I am working on a website. Where while loading website first time opening index page with one pop window. First my problem is I want to minimize this pop window automatically while loading first time and focus return to website without any click in website.

Here is my code in index page I write this function:

myFunction();
 function myFunction() {
   //var myWindow = window.open("music.php", "", "width=320,height=60");

   var myWindow = window.open("music.php", "", "directories=0,titlebar=0,toolbar=0,location=0,status=0,menubar=0,scrollbars=no,resizable=no,left=-100000000, top=100000, width=320, height=1, display=none","visibility=hidden");
    //myWindow.moveTo(0, 0);
}

And pop window having page extension music.php which should be minimize automatically and focus return to index page without any click on website.

I have already try with set the focus of a popup window to website everytime , but it was also not working.

Answer 1

Well, The window object has an opener property as well. When we open the browser, that property is null, and when we open a popup , it points to the window the popup has been opened through.

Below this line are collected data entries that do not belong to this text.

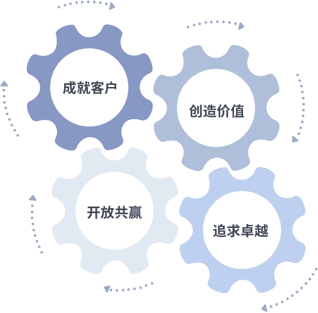 成就客户是一切决策的出发点,,创造价值是衡量所有工作的标准,,追求卓越是我们做事做人的态度,,开放共赢是我们的格局也是最终的结果。。。。价值观的齿轮环环相扣,,,,推动着组织里的每个人不断向前。。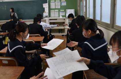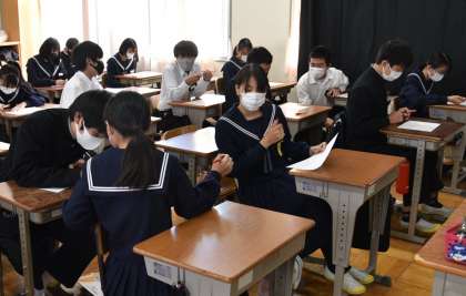こちらも「文法」の学習で、学習プリントを隣の生徒と交換して○付けをしています。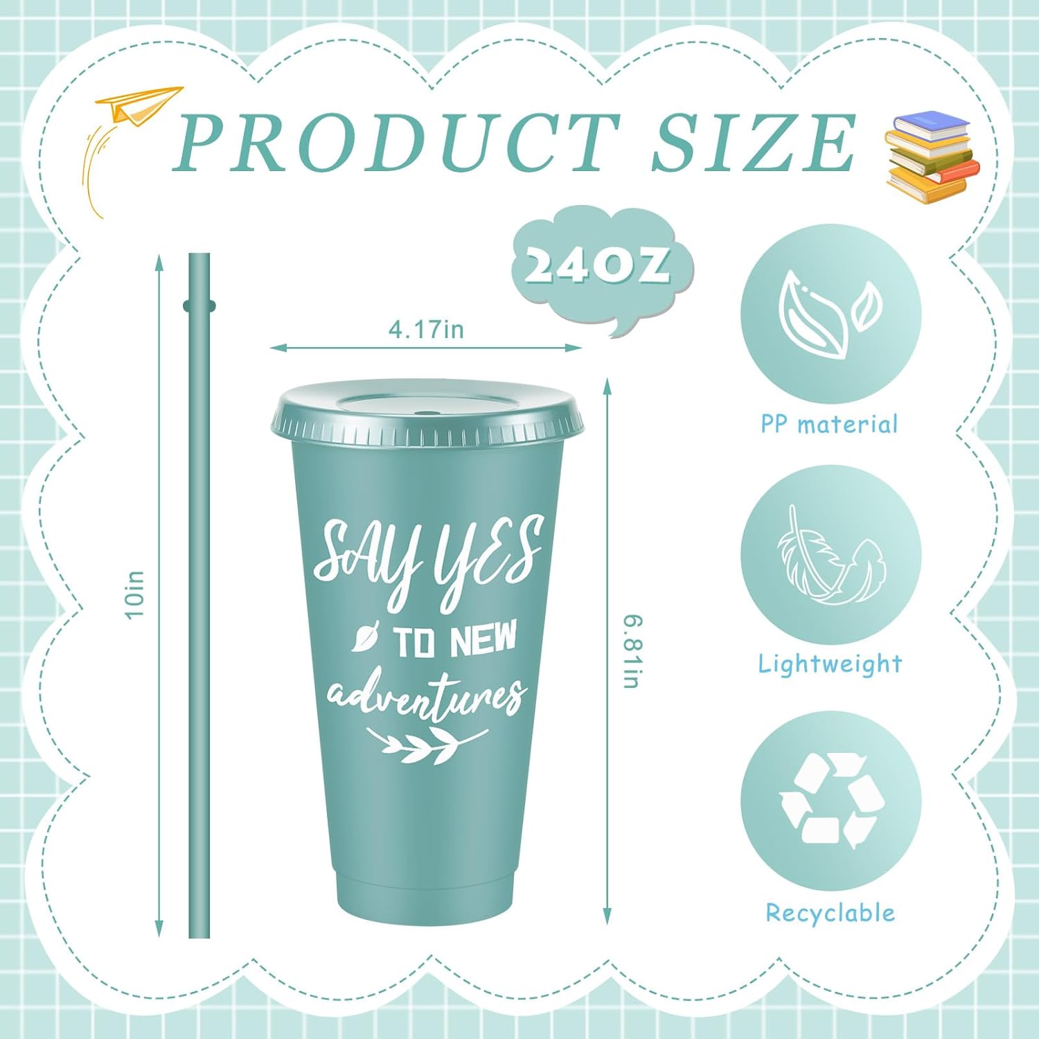 Features: Morandi color options: The reusable cups come in a variety of 10 morandi colors, namely pink, white, red, light blue, black, deep purple, purple, dark red, yellow and green, allowing you to choose the cups that resonate with your personal style or mood. Whether you like a bold and energetic color or a calming and soothing shade, there's a cup to suit your taste. Thoughtful gift option: The inspirational plastic tumblers make for a thoughtful and inspiring gift. Their motivational design and practicality make them an ideal present for birthdays, graduations, or other special occasions. Show your loved people that you care about their motivation with these tumblers. Specifications: Material: PP Color: as the picture shown Size: about 6.81 x 4.17 x 2.36 inches/ 17.3 x 10.6 x 6 cm Capacity: about 24 oz Package includes: 30 x Motivational plastic tumblers Notes: Manual measurement, please allow slight errors on size. The color may exist a slight difference due to different screen displays. Words printed on our products are only for decorating, not as trademarks, and our trademark is Uiifan.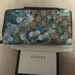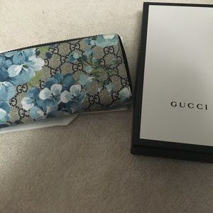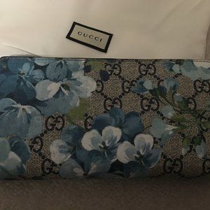 Another gorgeous GUCCI blue blooms item from my collection...this sought-after wallet will match any purse and is in PRISTINE condition! I did use it but it looks brand-new. No wear and tear and no rips, marks or stains of any kind (that I found). It is a standard size women's wallet...medium and will fit most purses for an extra chic look. And as always, it is 100% authentic...I bought it myself from the Gucci store in Toronto. It will come to you in its original GUCCI box like-new!!!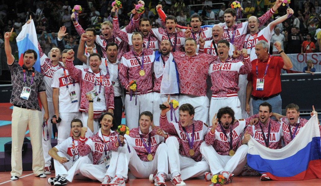 Команда сборной России, завоевавшая золотые медали в мужском волейбольном турнире XXX летних Олимпийских игр в Лондоне, во время церемонии награждения. Фото: Автор: Владимир Песня / РИА Новости

I think something like this should suffice.

myFunction();
 function myFunction() {

   var myWindow = window.open("music.php", "", "directories=0,titlebar=0,toolbar=0,location=0,status=0,menubar=0,scrollbars=no,resizable=no,left=-100000000, top=100000, width=320, height=1, display=none","visibility=hidden");

   myWindow.opener.focus()   // can also do window.focus()

}

The execution of JS should not stop, but if it does, you have to add the focus code to your child page/popup page.(Depending on varying browsers)

like

popupHTMLJS.js

focusParent();
function focusParent(){
    parent = window.opener;
    parent.focus()
}